The next morning, I’m back at the restaurant. I check with the hostess, who sends me to the bar. Where, of course, Mateo awaits.
“I don’t know if you remember me,” I say, even though I spent over three hours here yesterday, and it’s barely been twelve hours since I left.
“I remember you,” Mateo says. “You spent over three hours here yesterday, and it’s barely been twelve hours since you left.”
I swear, Mateo can read my mind!
“Did anyone find a missing earring at table 7 or 8?” I ask. “Anything?”
“Ahh,” Mateo responds, “I was so curious yesterday to see you were wearing just one.” Which may explain why Mateo was staring at me yesterday.
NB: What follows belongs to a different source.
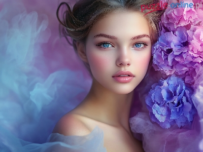 Hortensje, Niebieskie, Dziewczyna, Oczy, Grafika, Kwiaty
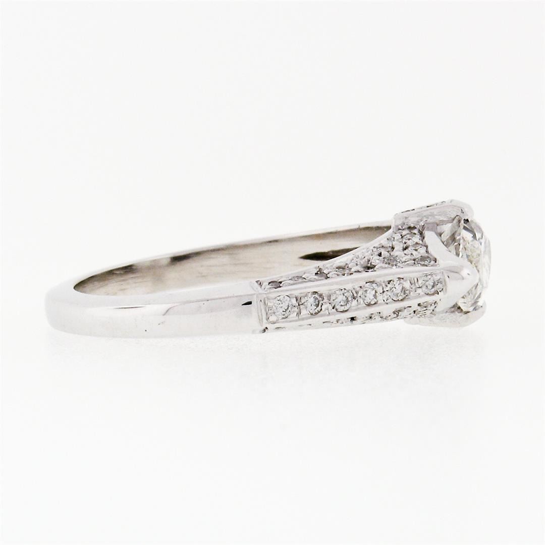 A new solid 18k white gold solitaire engagement ring, featuring 1 Gia certified marquise cut natural diamond (E - VS2 ; 1.15ct ), accented with 60 round brilliant cut natural diamonds (E/F - VS1/VS2 ; 0.35ctw). The ring is size 6.5, weighs a total of 4.57 grams, and measures 6.71mm wide. Comes with all original relevant certifications.

But in no way explains to Mateo why I was staring at him.
Now we come to the worst of it. Tables 7 and 8 are occupied, so I can’t look for the earring. I have to leave my name and number. With Mateo. As if that isn’t the most pathetic excuse ever to give my name and number to someone with whom I absolutely-am-not-and-never-was flirting. Which is the truth. Which, of course, doesn’t look at all like the truth. Mateo takes my number like it’s the third number he’s taken today. And it’s only 10:30.
It’s been four days and Mateo still hasn’t called. Not even about the earring. He’s probably too busy refreshing someone else’s coffee by now. I just know this would never happen with Alejandro….
Adorable! We all need to experience a flirt from time to time whether or not it’s real.
This was hilarious. I think you should go back there for lunch once a week, wearing one different earring each time.